* What you should do *
For the entries below, copy exactly the line that contains "为探索并推动仓单融资在国内的" through the line that contains "Der Kunstpark 2014", both ends included, and exclude all pictures.

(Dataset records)
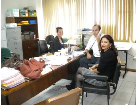
Visita às instalações do Pró-Egresso e do Programa "Aberto-Provisório" localizado no Fórum de Cascavel.
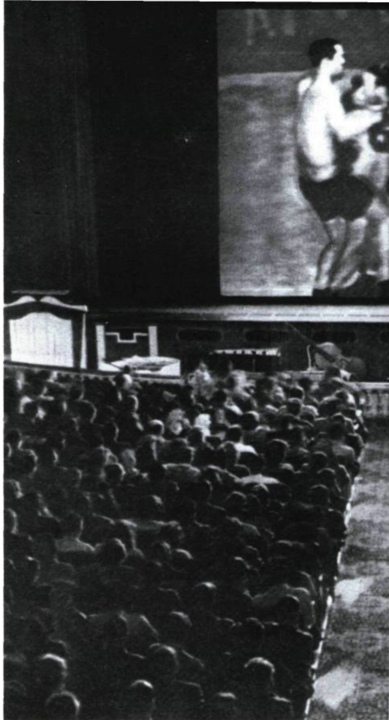
Joe Louis est devenu personnage de fiction dans Au tapis de S. Kaminsky

On appelle cela une détente, ces trois heures pendant lesquelles on s'échinera à percer les astuces du criminel sans être assuré d'être payé de ses efforts. — T'en fais une tête ce matin... T'as passé la nuit sur la corde à linge? — Pire, je l'ai passée à lire un polar. Tu vois le genre: je suis incapable de m'arrêter en chemin. — C'était bon? — Même pas.
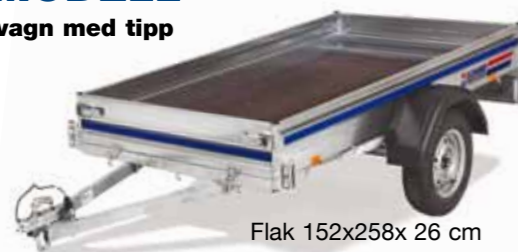
Flak 152x258x 26 cm
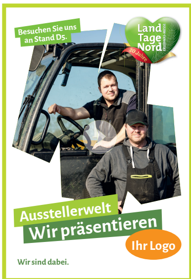
Bewegtbild / Video Post Instagram Story

Ein Collab Post ist ein einzelner Post, der im Feed oder den Reels zweier verschiedener Nutzer erscheint. Collab Posts werden an zwei Stellen gleichzeitig angezeigt und haben auch Kommentare, Likes und die Anzahl der Shares gemeinsam.
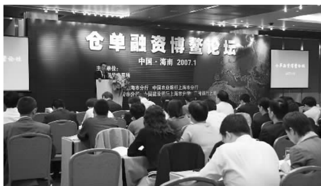
仓单融资博鳌论坛现场 资料图

为探索并推动仓单融资在国内的发展,服务于相关企业,促进银行等金融机构通过期货市场进行业务创新和风险管理,上海期货交易所联合五家指定结算银行于1月12日在海南召开了“仓单融资博鳌论坛”。参加论坛的相关人士反映,上期所打造期货仓单管理中心、研究探索仓单融资业务的国内外发展概况,是落实“主打创新服务”工作目标的的具体实践。这不仅对我国期货市场的建设和发展产生积极影响,同时也将满足企业发展与银行创新的现实要求,为商业银行的业务发展提供了新的舞台。
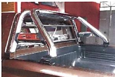
Figura referencial de sistema antivuelco
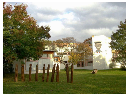
Der Kunstpark 2014
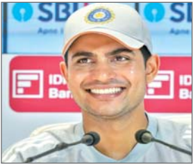
भूमिका को नजरअंदाज नहीं करेगा।

कोलकाता। भारतीय कप्तान शुभमन गिल ने स्वीकार किया कि स्पिनर और अतिरिक्त तेज गेंदबाज के बीच चयन टकराव से कम नहीं है लेकिन भारत जब दक्षिण अफ्रीका के खिलाफ शुकवार से यहां शुरू होने वाले पहले टेस्ट क्रिकेट मैच के लिए अंतिम एकादश का चयन करेगा तो घरेलू धरती पर स्पिनरों की महत्वपूर्ण

* Result of the task *
为探索并推动仓单融资在国内的发展,服务于相关企业,促进银行等金融机构通过期货市场进行业务创新和风险管理,上海期货交易所联合五家指定结算银行于1月12日在海南召开了“仓单融资博鳌论坛”。参加论坛的相关人士反映,上期所打造期货仓单管理中心、研究探索仓单融资业务的国内外发展概况,是落实“主打创新服务”工作目标的的具体实践。这不仅对我国期货市场的建设和发展产生积极影响,同时也将满足企业发展与银行创新的现实要求,为商业银行的业务发展提供了新的舞台。
Figura referencial de sistema antivuelco
Der Kunstpark 2014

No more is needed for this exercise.